Work to complete → The answer must reproduce all of the data below exactly and contain no images.

Data for the task →
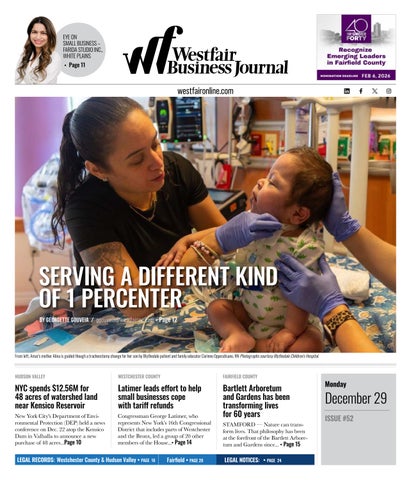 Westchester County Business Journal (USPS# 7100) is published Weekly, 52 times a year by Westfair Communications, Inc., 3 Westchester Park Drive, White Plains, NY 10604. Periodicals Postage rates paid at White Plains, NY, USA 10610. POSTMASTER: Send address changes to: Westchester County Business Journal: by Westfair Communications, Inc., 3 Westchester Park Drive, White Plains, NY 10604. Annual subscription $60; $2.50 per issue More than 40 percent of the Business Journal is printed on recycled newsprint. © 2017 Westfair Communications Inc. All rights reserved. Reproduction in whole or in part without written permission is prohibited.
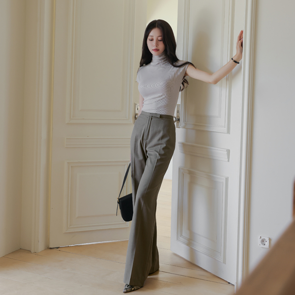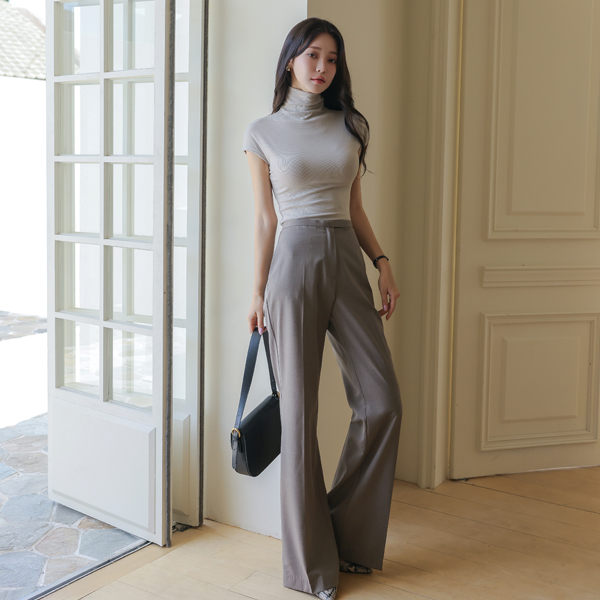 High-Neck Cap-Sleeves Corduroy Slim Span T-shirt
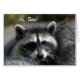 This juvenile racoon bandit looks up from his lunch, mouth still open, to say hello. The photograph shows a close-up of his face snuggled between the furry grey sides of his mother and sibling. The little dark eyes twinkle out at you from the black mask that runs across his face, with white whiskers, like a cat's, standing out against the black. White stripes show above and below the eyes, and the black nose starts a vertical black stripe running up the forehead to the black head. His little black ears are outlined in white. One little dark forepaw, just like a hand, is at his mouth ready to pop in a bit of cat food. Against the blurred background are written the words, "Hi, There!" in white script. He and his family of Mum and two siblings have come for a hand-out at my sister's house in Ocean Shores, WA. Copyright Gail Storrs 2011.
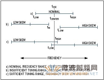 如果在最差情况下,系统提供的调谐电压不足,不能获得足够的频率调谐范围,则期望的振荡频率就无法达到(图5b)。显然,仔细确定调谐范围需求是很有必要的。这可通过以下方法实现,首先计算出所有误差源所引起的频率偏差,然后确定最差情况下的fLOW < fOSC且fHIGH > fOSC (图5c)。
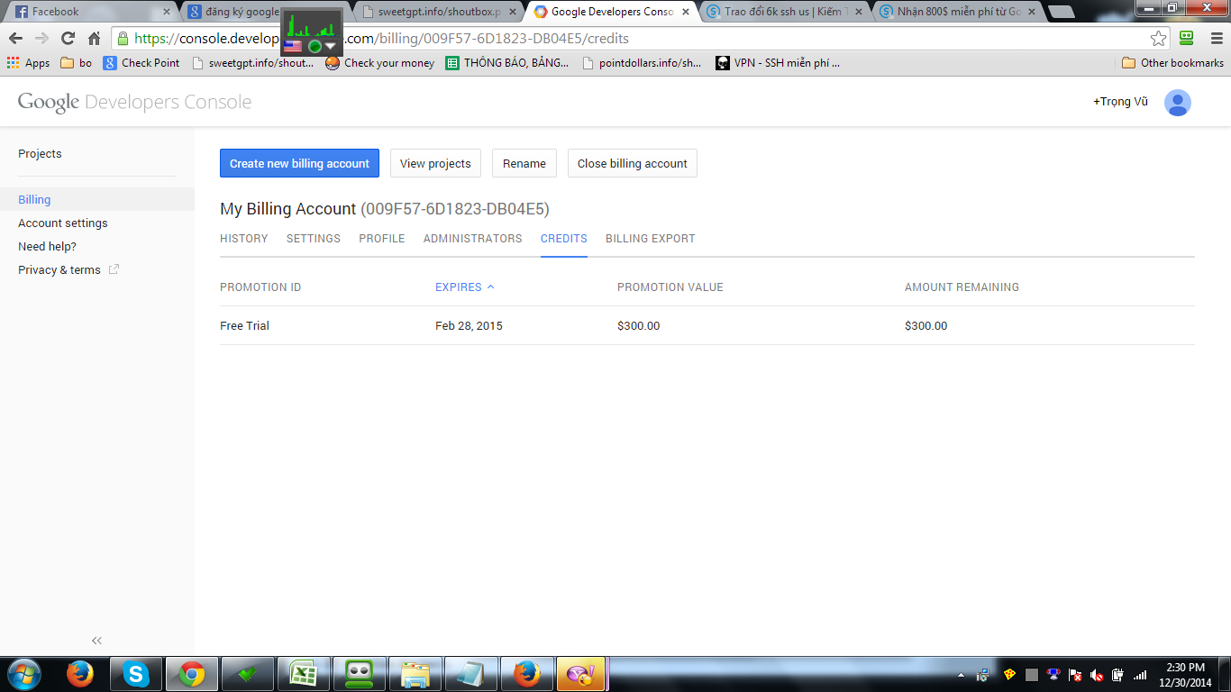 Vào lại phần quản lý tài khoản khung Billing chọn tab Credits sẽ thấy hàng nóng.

Your solution →
 Westchester County Business Journal (USPS# 7100) is published Weekly, 52 times a year by Westfair Communications, Inc., 3 Westchester Park Drive, White Plains, NY 10604. Periodicals Postage rates paid at White Plains, NY, USA 10610. POSTMASTER: Send address changes to: Westchester County Business Journal: by Westfair Communications, Inc., 3 Westchester Park Drive, White Plains, NY 10604. Annual subscription $60; $2.50 per issue More than 40 percent of the Business Journal is printed on recycled newsprint. © 2017 Westfair Communications Inc. All rights reserved. Reproduction in whole or in part without written permission is prohibited.
 High-Neck Cap-Sleeves Corduroy Slim Span T-shirt
 This juvenile racoon bandit looks up from his lunch, mouth still open, to say hello. The photograph shows a close-up of his face snuggled between the furry grey sides of his mother and sibling. The little dark eyes twinkle out at you from the black mask that runs across his face, with white whiskers, like a cat's, standing out against the black. White stripes show above and below the eyes, and the black nose starts a vertical black stripe running up the forehead to the black head. His little black ears are outlined in white. One little dark forepaw, just like a hand, is at his mouth ready to pop in a bit of cat food. Against the blurred background are written the words, "Hi, There!" in white script. He and his family of Mum and two siblings have come for a hand-out at my sister's house in Ocean Shores, WA. Copyright Gail Storrs 2011.
 如果在最差情况下,系统提供的调谐电压不足,不能获得足够的频率调谐范围,则期望的振荡频率就无法达到(图5b)。显然,仔细确定调谐范围需求是很有必要的。这可通过以下方法实现,首先计算出所有误差源所引起的频率偏差,然后确定最差情况下的fLOW < fOSC且fHIGH > fOSC (图5c)。
 Vào lại phần quản lý tài khoản khung Billing chọn tab Credits sẽ thấy hàng nóng.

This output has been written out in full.